Kandahar’s fall to the Taliban is a moment of huge significance

In the sprawling compound of Mullah Omar, the Taliban’s first emir, outside the southern city of Kandahar, curious onlookers were poking through his rooms.

There was the little mosque inside the walls, a camel stable damaged by a US rocket, and a series of bare rooms, some scattered with pages torn from a religious text, one a bedroom hung with a picture of an Alpine scene. Nearby, armed men sat on a strange sculpture of a mountain surrounded by spindly palm trees.

It was December 2001, a handful of days after the Taliban’s defeat in the aftermath of 9/11, and the group had fled the city that once was its capital. Mullah Omar himself was gone. And while there was little to learn about the character of the Taliban’s fled leader, Kandahar itself was giving up its secrets.
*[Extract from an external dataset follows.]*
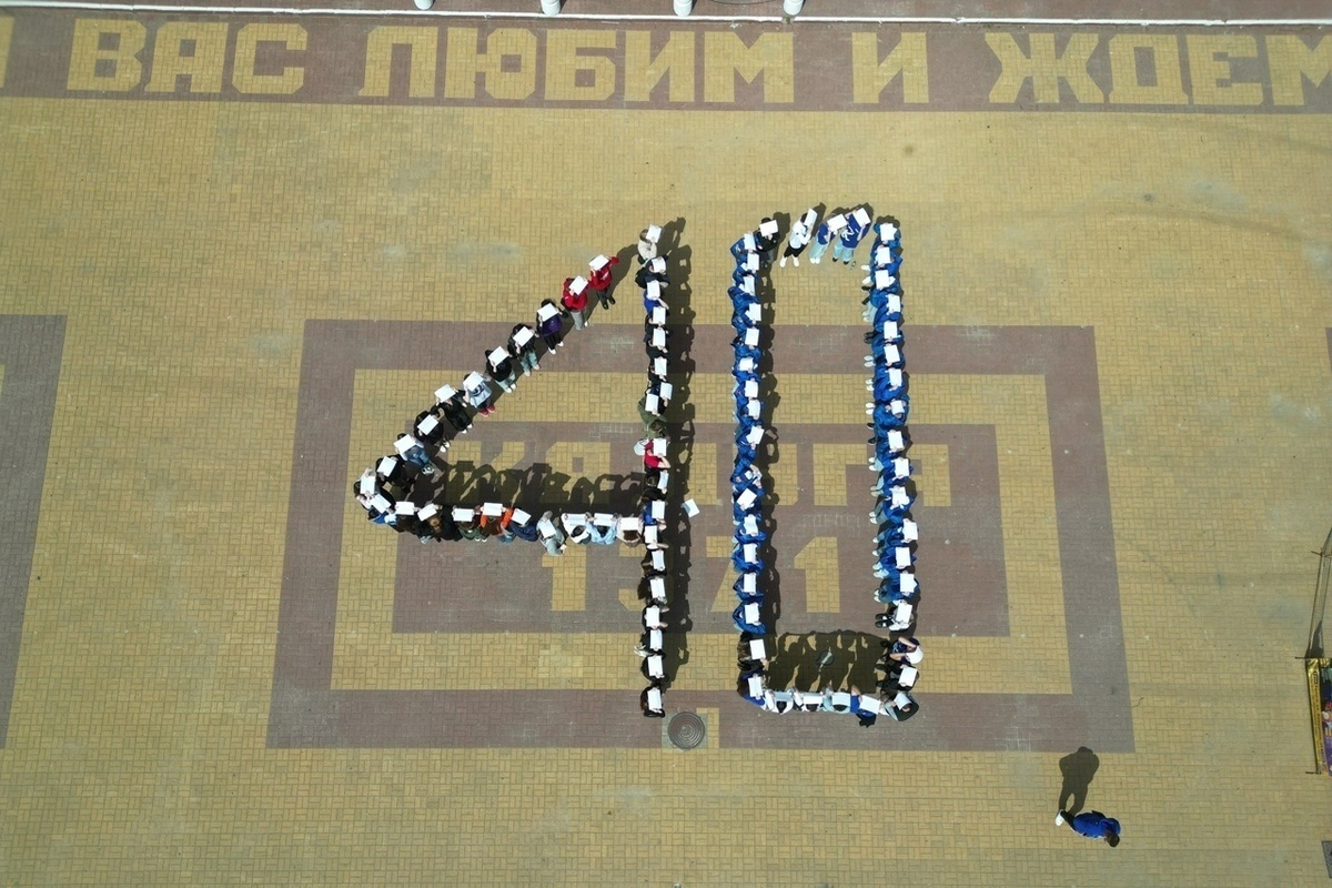 Сто студентов и волонтеров Победы выстроились в форме числа «40», порядкового числа Калужской области, на Театральной площади.

In houses behind walls in anonymous suburbs, the first reporters to reach the city discovered the training camps of the jihadis Mullah Omar hosted, places where foreign students were taught bomb-making skills and developed plans for attacks abroad, as evidenced by scorched notebooks in multiple languages found on a hastily lit bonfire.

Passing a street in the city centre, a group of men stood watching from a rooftop, one wearing an old Soviet gas mask. Citizens of the city spoke of the Taliban’s brutal rule; of executions by stoning and their own corruption, with many welcoming the group’s fall.

Now Kandahar has turned full circle, falling to the Taliban on Thursday, with the group’s officials once more in charge of the city and already taking meetings in the governor’s office.

“Kandahar is completely conquered. The mujahideen reached Martyrs’ Square,” a Taliban spokesman tweeted, referring to the city landmark.

The significance of the Taliban’s retaking of Kandahar after 20 years should not be underestimated either in terms of history or strategically. Regarded as the capital of the Pashtun-speaking south, Kandahar has always exerted a special sense of gravity on the rest of the country, representing one of its main ethnic faultlines.

What it underlines most powerfully is how the Taliban survived during the long years of the US-led intervention to be able to return to the place where it began.

If the sight of US and British special forces outside Mullah Omar’s house appeared to mark the emirate’s fall in 2001, the appearance of its fighters in Martyrs Square has reified its resurgence.

It was first formed in the early 1990s by members of the CIA-backed Afghan mujahideen, who had resisted the Soviet occupation of Afghanistan between 1979 and 1989, and attracting younger Pashtun tribesmen who studied in Pakistani madrassas in exile.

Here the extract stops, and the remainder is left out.